* _PROMPT_
Would you return the listing that follows exactly, leaving its pictures behind?

* _DATASET EXTRACT_
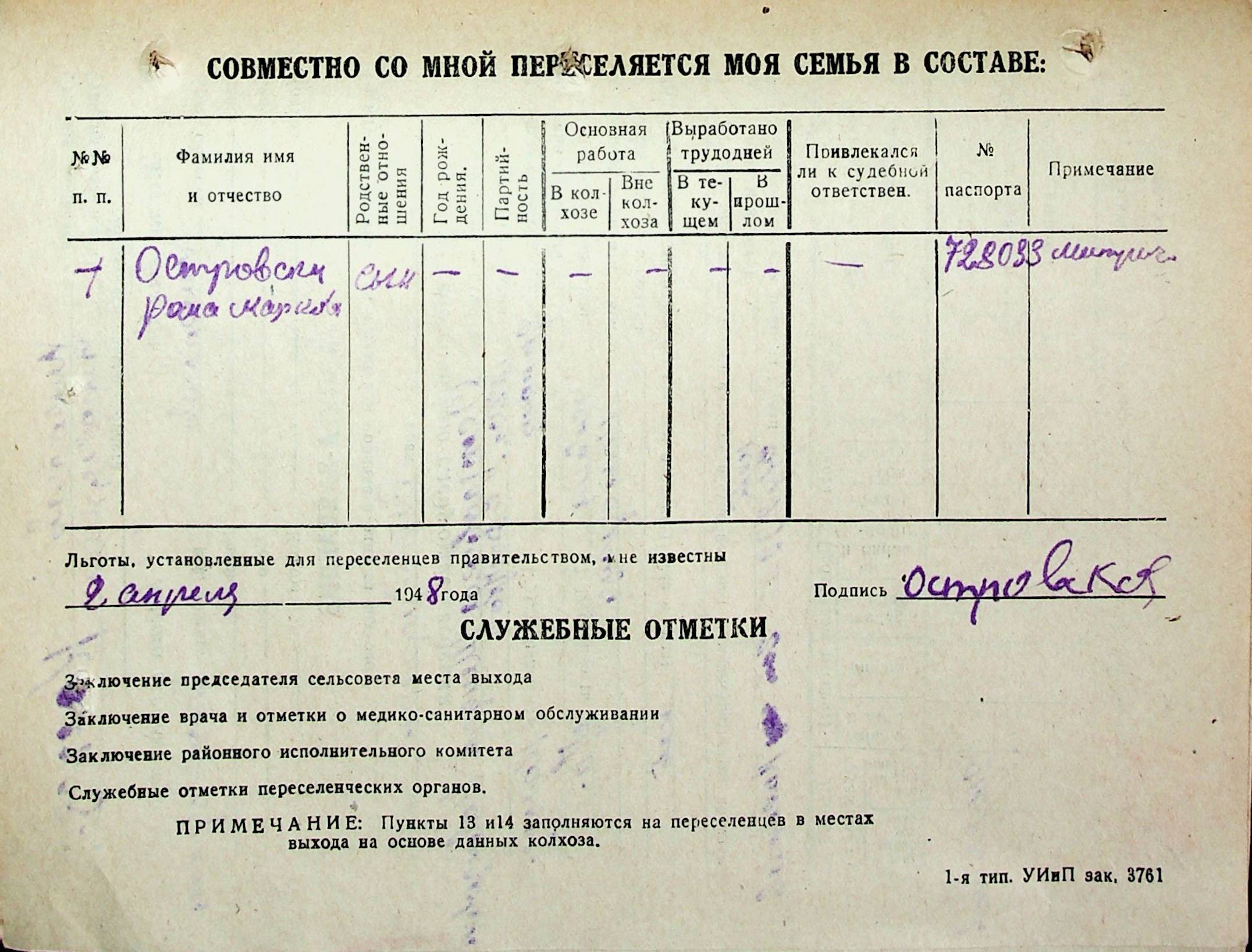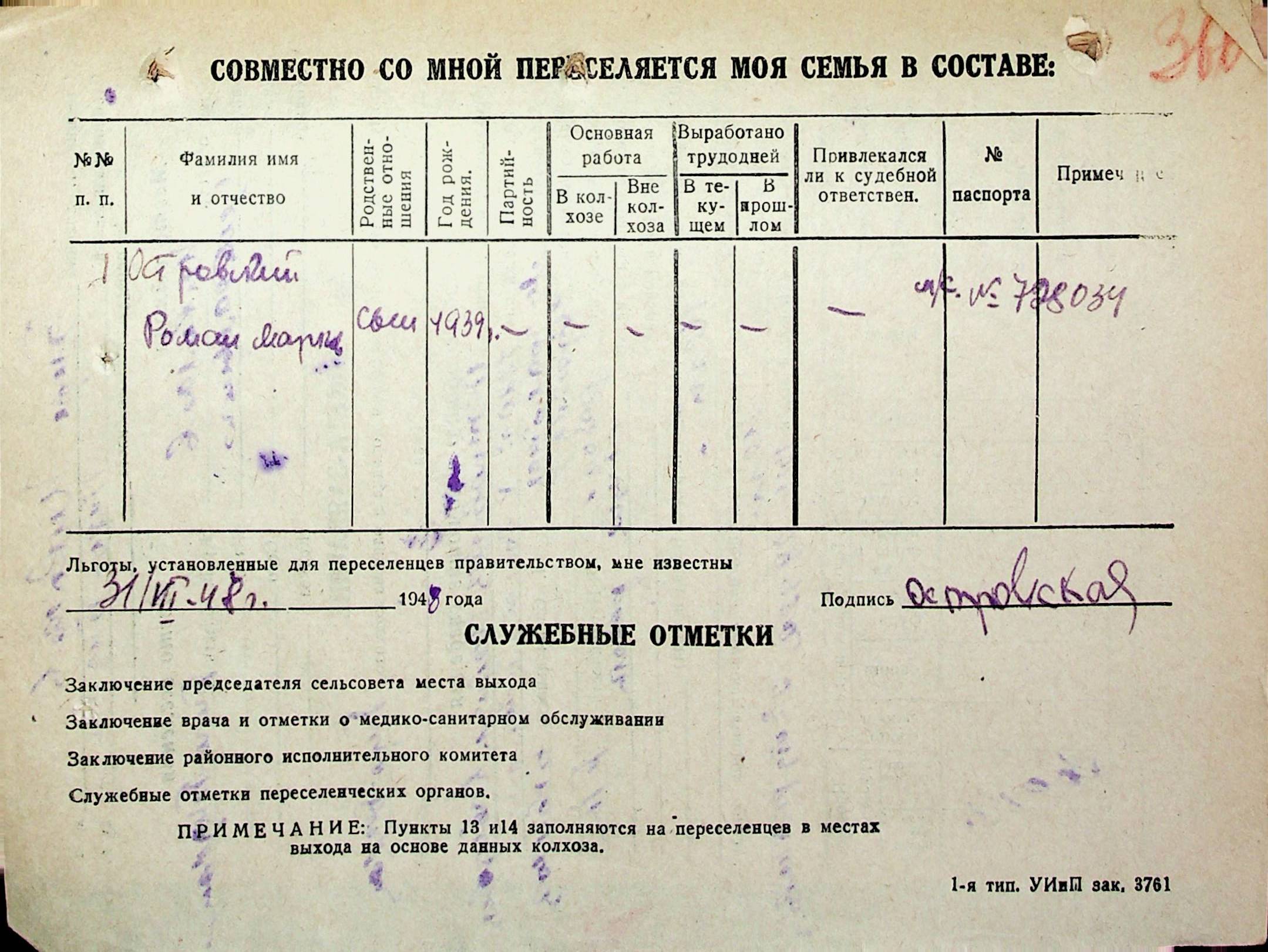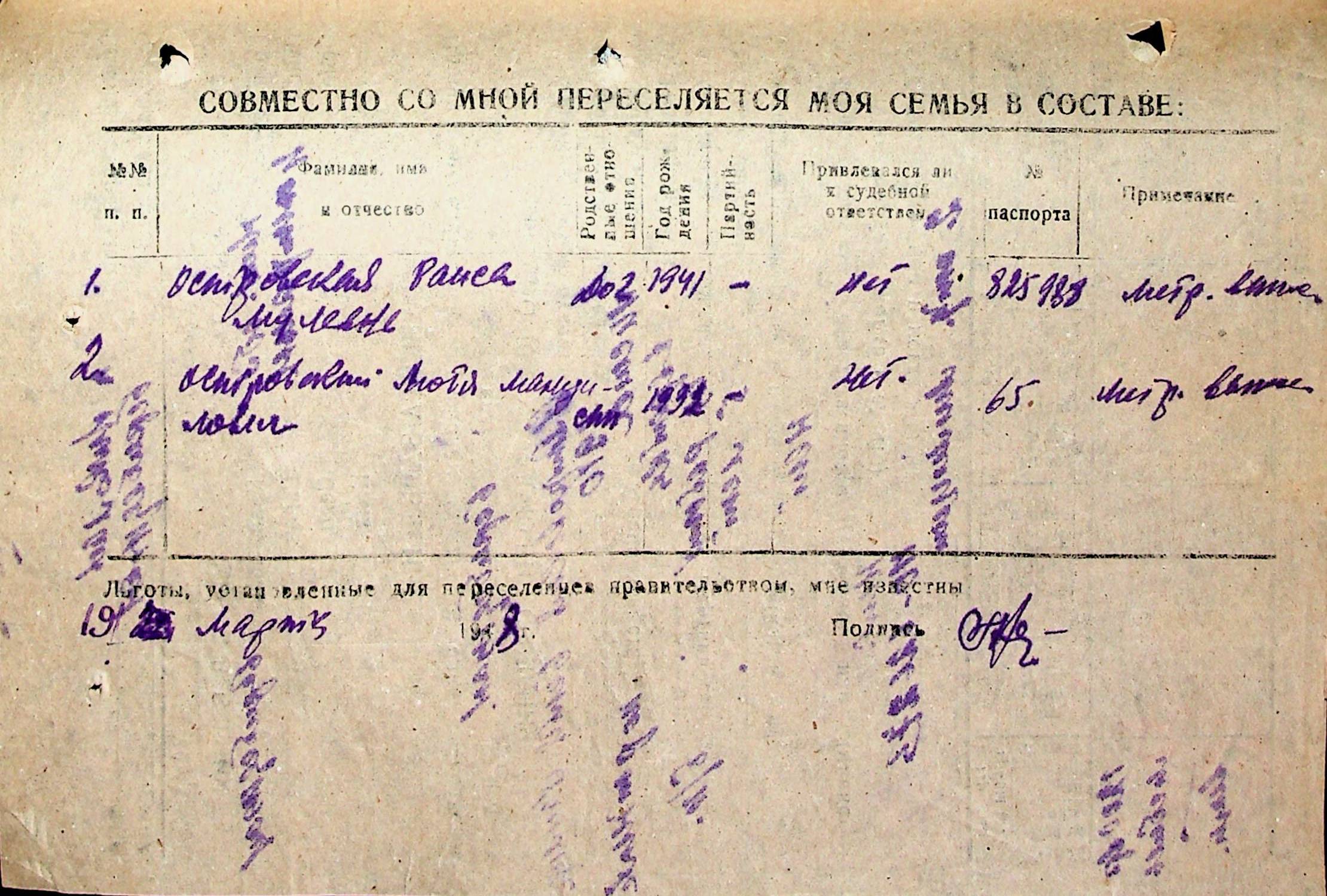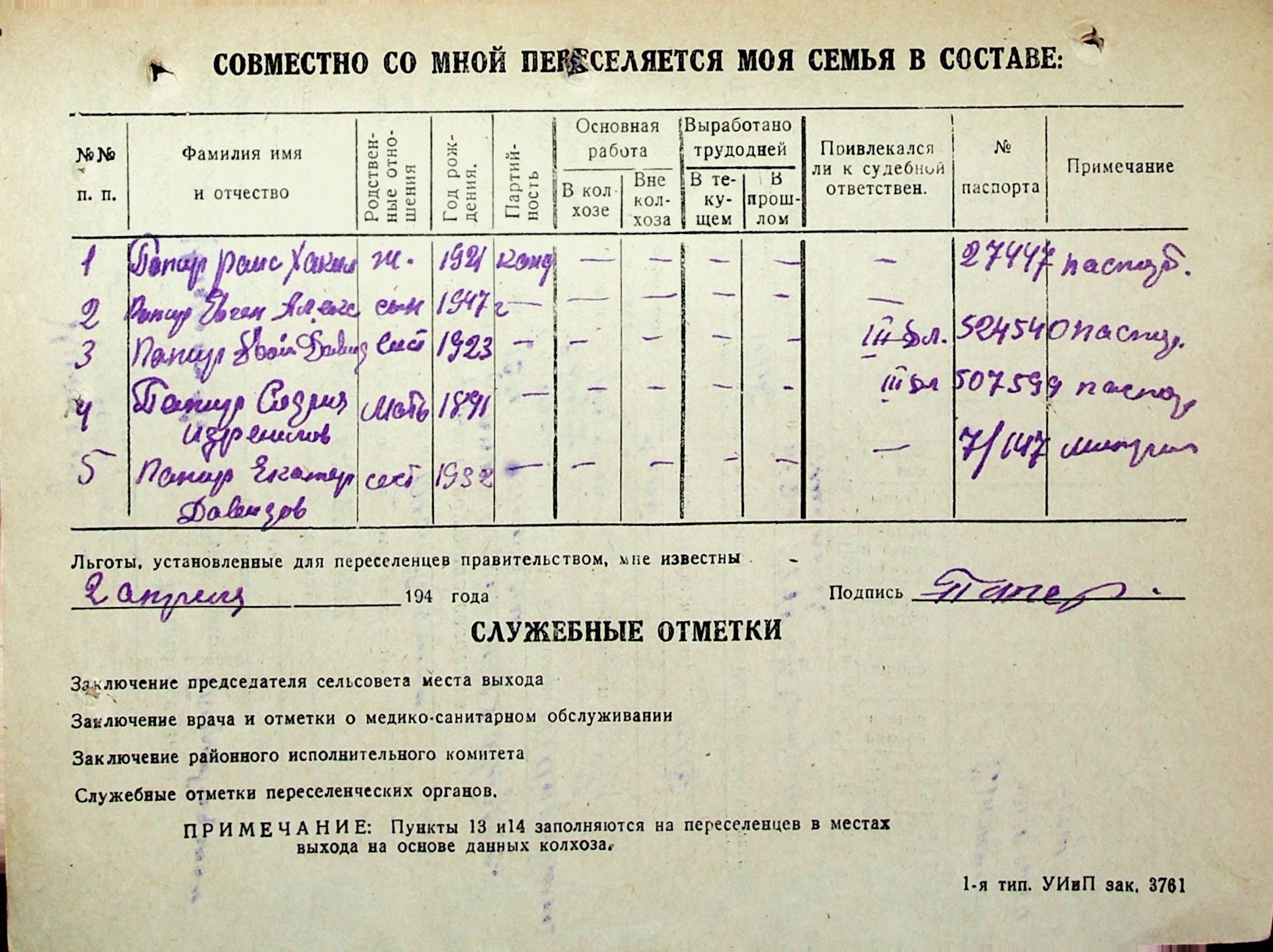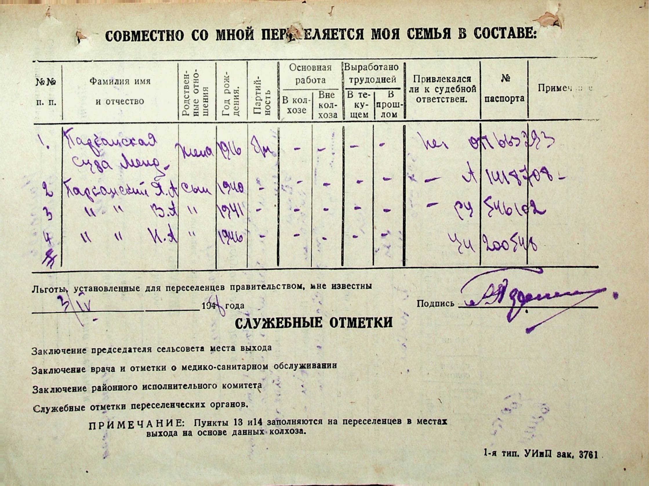 • • • • Справа № 31 “Анкети-заяви осіб, від’їжджаючих до Єврейської автономної області у 1948 році. Прізвища з літери «Л» по літеру «П»”
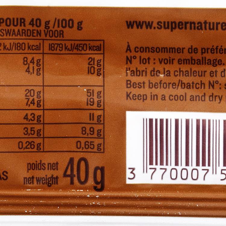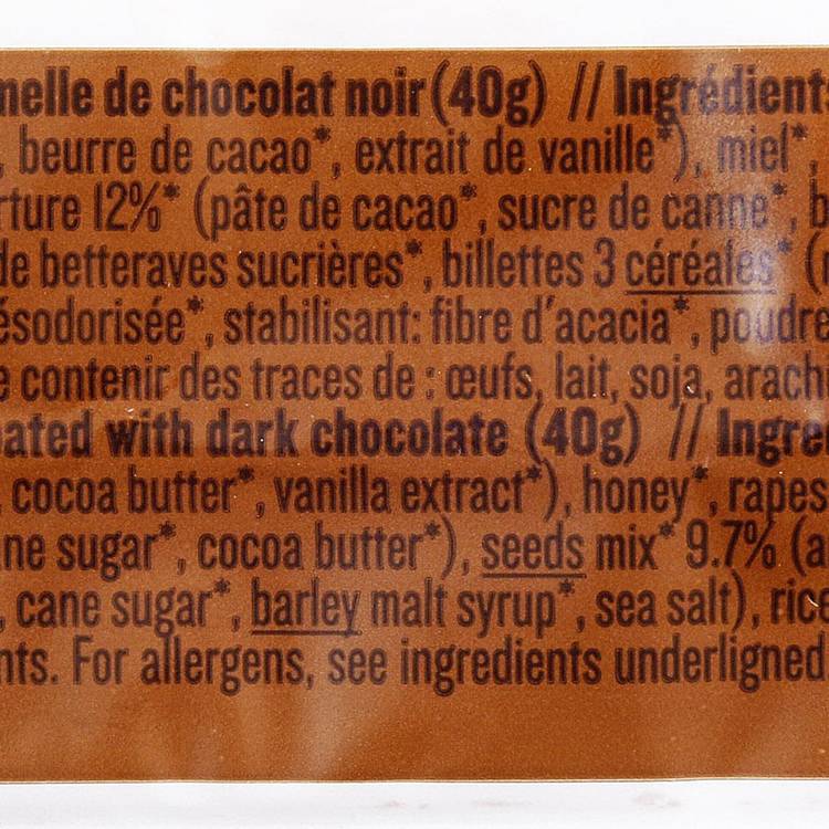 Saveur : Chocolat doux et enveloppant, jamais écœurant. Les graines apportent du relief, les flocons d’avoine structurent l’ensemble. Une texture généreuse mais légère, avec une sucrosité bien tenue à 7,4 g par barre.
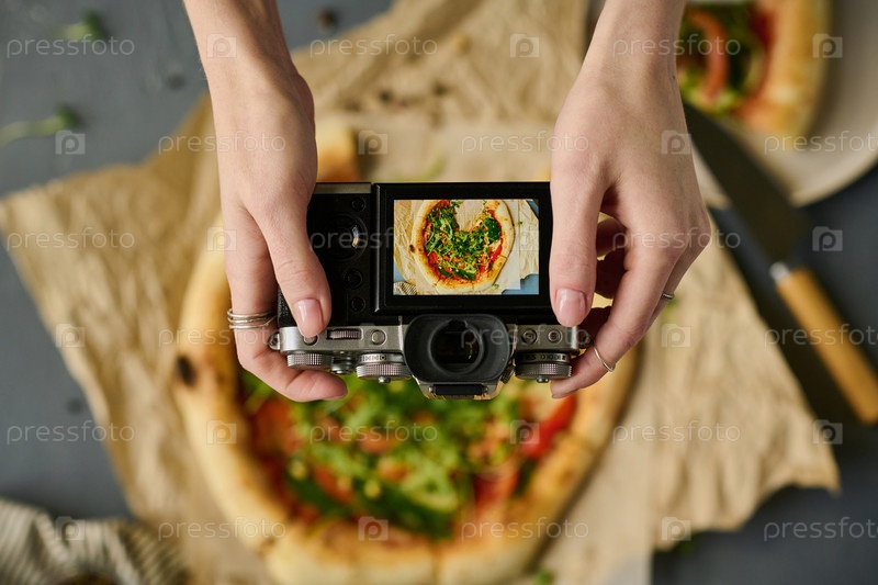 Женщина фотографирует пиццу с помощью камеры
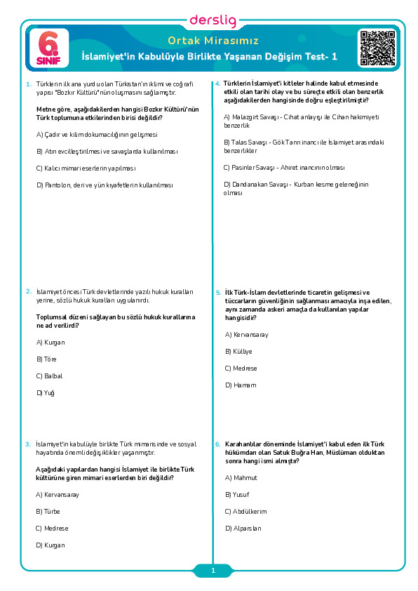 İslamiyet'in Kabulüyle Birlikte Yaşanan Değişim Test- 2

* _WRITTEN SOLUTION_
 • • • • Справа № 31 “Анкети-заяви осіб, від’їжджаючих до Єврейської автономної області у 1948 році. Прізвища з літери «Л» по літеру «П»”
 Saveur : Chocolat doux et enveloppant, jamais écœurant. Les graines apportent du relief, les flocons d’avoine structurent l’ensemble. Une texture généreuse mais légère, avec une sucrosité bien tenue à 7,4 g par barre.
 Женщина фотографирует пиццу с помощью камеры
 İslamiyet'in Kabulüyle Birlikte Yaşanan Değişim Test- 2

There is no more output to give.